**EXERCISE GOAL**
A faithful copy is required: transcribe each line below exactly, minus the pictures.

**SUPPLIED DATA**
* * *
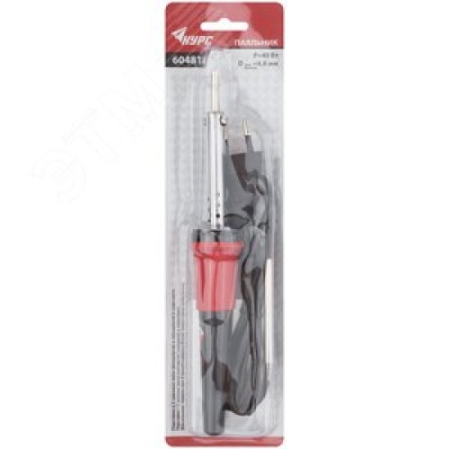 Паяльник 220 В, пластиковая ручка, доп-но подставка для паяльника и два сменных жала, D=4.8 мм, 40 Вт
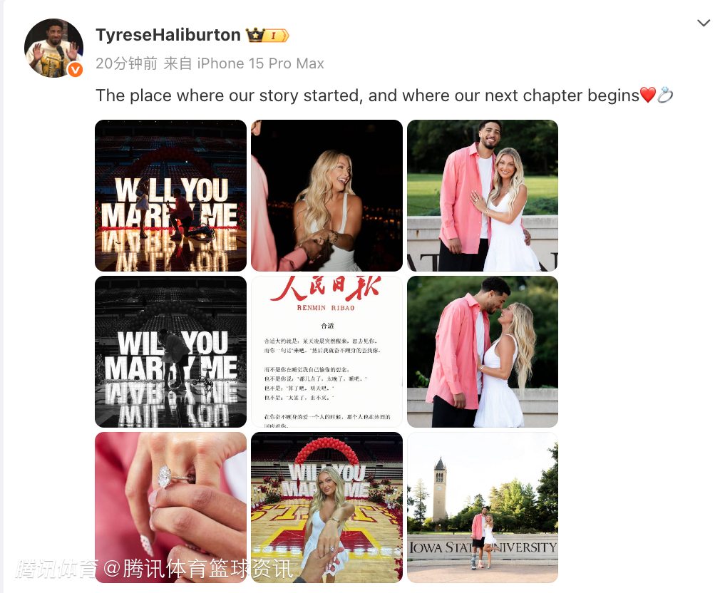 你小子懂浪漫!哈利伯顿求婚动态引用人民日报 将照片放在C位
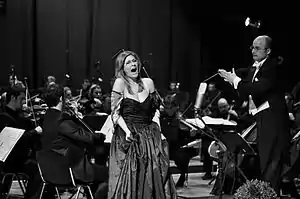 Merita Juniku was born in 1960 in Pristina and attended the music school there to continue later with her studies at the faculty of music. After a growing interest in opera she continued her studies at the Academy of music in Zagreb and graduated in 1990. Her first performance was "Troubadours" by Verdi. Some examples of the operas she has sung are: "Norma" by Bellini, "Aida" by Verdi, Die Walküre by Richard Wagner, Nabucco by Giuseppe Verdi, Un ballo in Maschera by Giuseppe Verdi , Der Zigeunerbaron by Johann Strauss II , Samson and Delilah by Saint-Saëns etc. As of 2006 she is teaching at the University of Pristina and is a permanent member of the Opera of Ljubljana.[30]
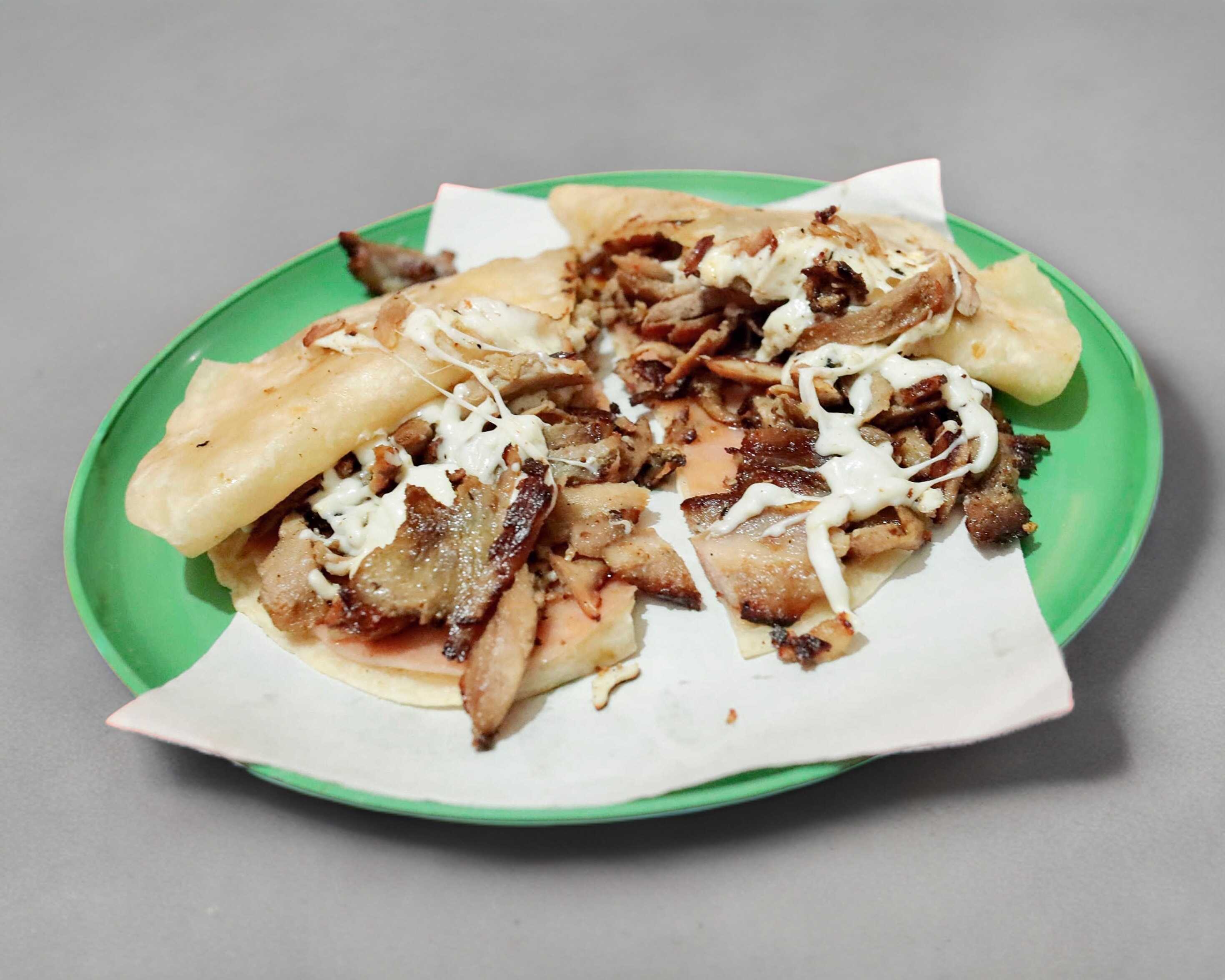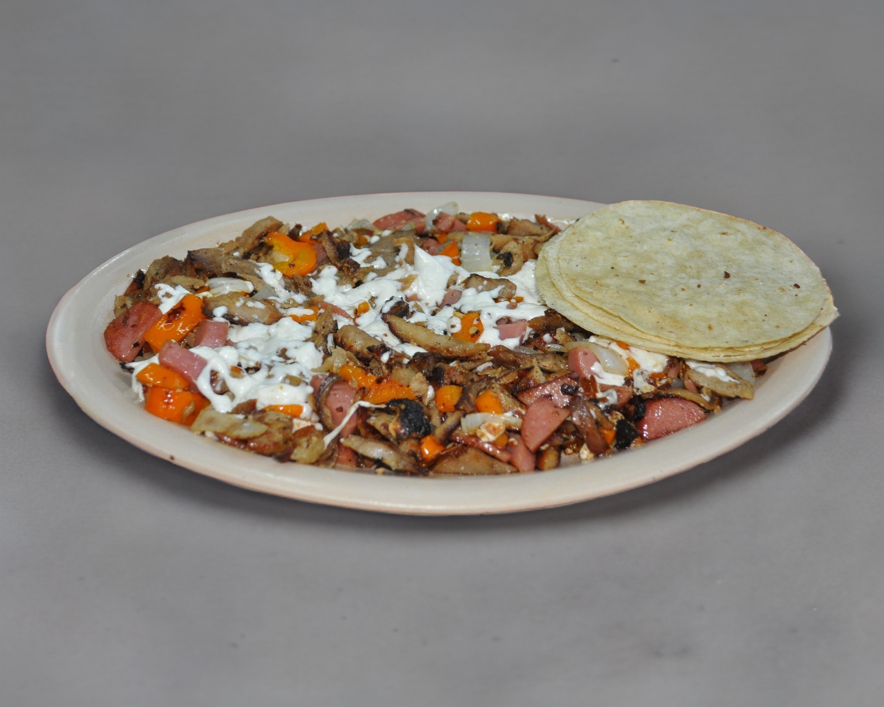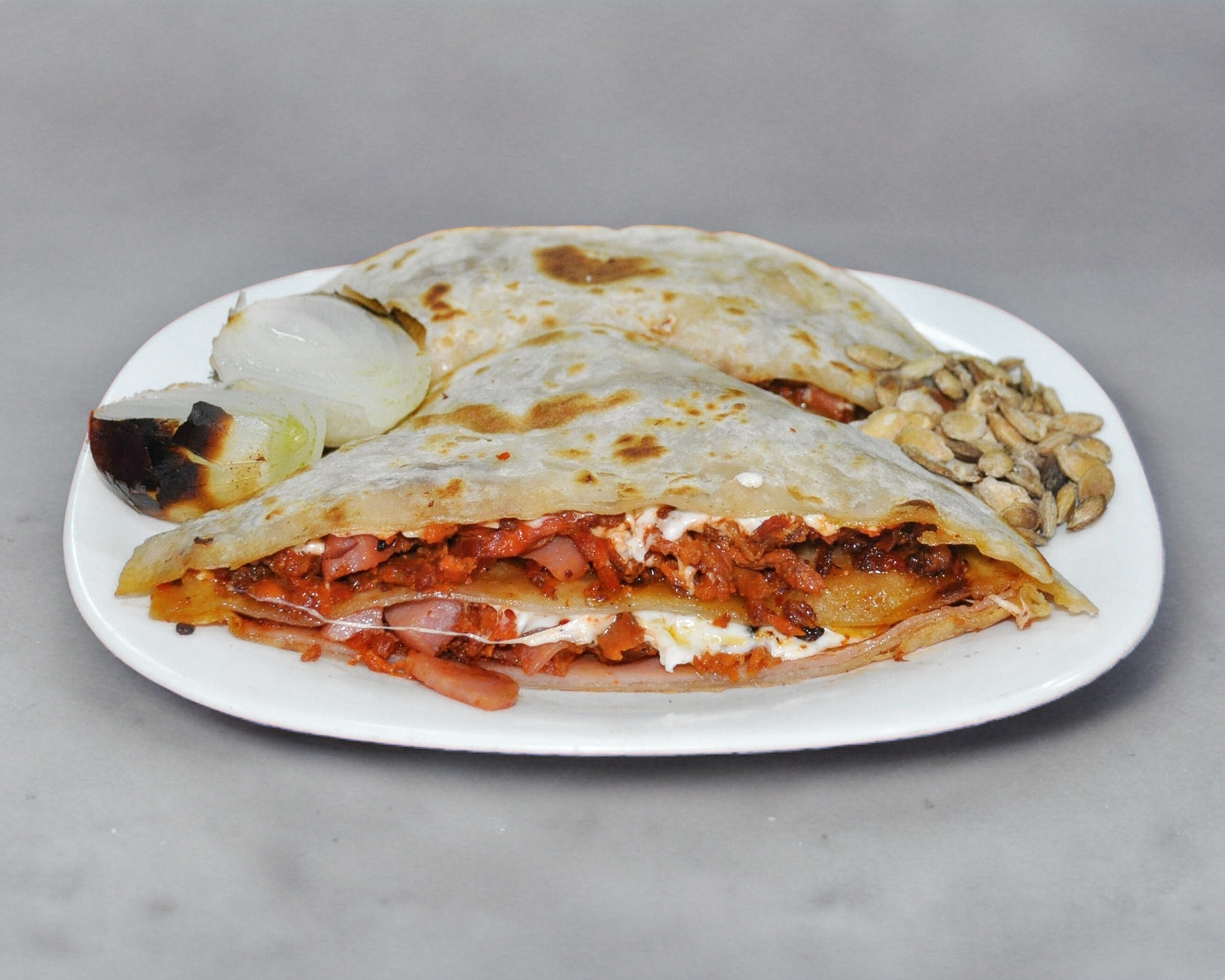 Pastor, longaniza, salchicha, jamón y queso. Más tres tortillas de harina.
* * *
**RESPONSE TO THE EXERCISE**
 Паяльник 220 В, пластиковая ручка, доп-но подставка для паяльника и два сменных жала, D=4.8 мм, 40 Вт
 你小子懂浪漫!哈利伯顿求婚动态引用人民日报 将照片放在C位
 Merita Juniku was born in 1960 in Pristina and attended the music school there to continue later with her studies at the faculty of music. After a growing interest in opera she continued her studies at the Academy of music in Zagreb and graduated in 1990. Her first performance was "Troubadours" by Verdi. Some examples of the operas she has sung are: "Norma" by Bellini, "Aida" by Verdi, Die Walküre by Richard Wagner, Nabucco by Giuseppe Verdi, Un ballo in Maschera by Giuseppe Verdi , Der Zigeunerbaron by Johann Strauss II , Samson and Delilah by Saint-Saëns etc. As of 2006 she is teaching at the University of Pristina and is a permanent member of the Opera of Ljubljana.[30]
 Pastor, longaniza, salchicha, jamón y queso. Más tres tortillas de harina.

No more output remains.